Many adult children with learning disabilities are often unable to understand the ‘value of money’. They may also be open to abuse from family members, friends, and others who are able to persuade the vulnerable child to release their potentially significant inheritance. This often worries the parents of these children - who are correctly concerned that their child may fritter away their inheritance.  

Tax Break Incentive

The Government also acknowledge that people with learning disabilities are rarely given the same opportunities in work that an able-bodied person has. The Government therefore incentivise parents to leave money to their disabled child by granting tax breaks for monies held in trust for the disabled beneficiary.


To qualify for these tax breaks the beneficiary must meet the criteria set out in the legislation. See article to the right.

The Solution

To protect a vulnerable child a specialist discretionary trust (a disabled persons trust) should be considered by the parent.

This trust allows the parent to appoint trustees that they trust will look after their child’s money, and for the trustees to decide when to release monies from the trust fund to the disabled person.
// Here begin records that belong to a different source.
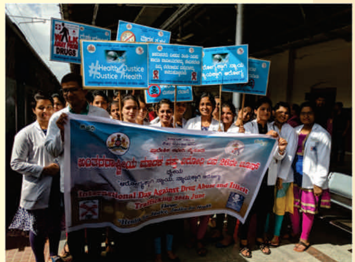
Pharm.D students during the rally
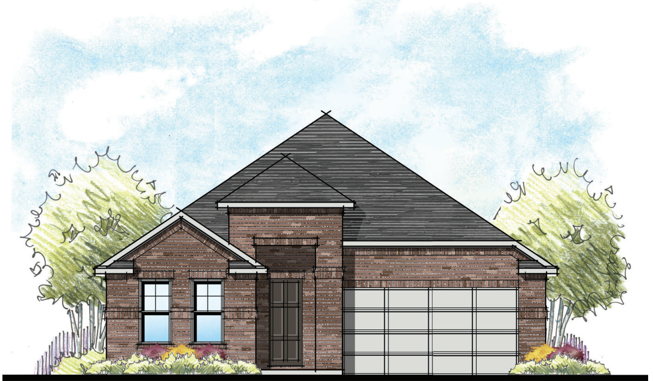
LILY (A) - 2,179 SF
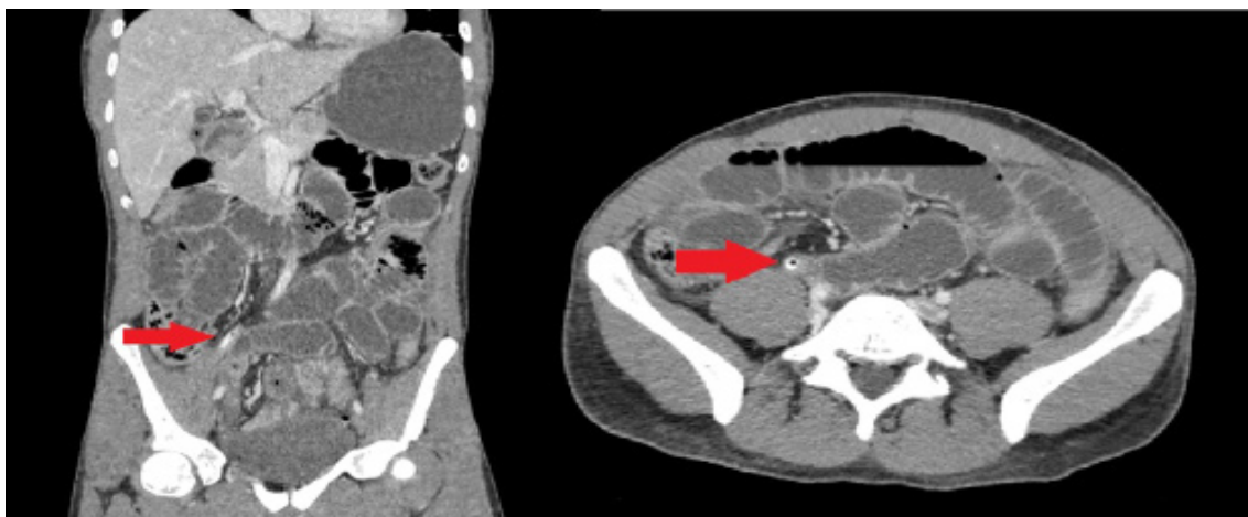
Figure 1: CT scan. Arrow: Meckel's Diverticulum
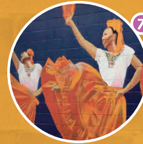
7 Travis London (2018) Grocery Outlet 5800 NE Fourth Plain Blvd South wall
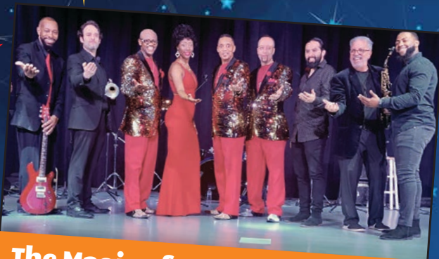
The Magic of Motown July 19th

This element of additional control provides protection for the disabled person from possible abuse, while still providing monies for the disabled person.

And assuming the criteria is met (regarding the beneficiary being ‘disabled’) the trust fund will benefit from the tax breaks available.

The Next Step

In our Home-Visit Will-Writing Service we will discuss with you the benefits and drawbacks of including any trust in your Will, including a Disabled Persons trust.

For more information please contact us.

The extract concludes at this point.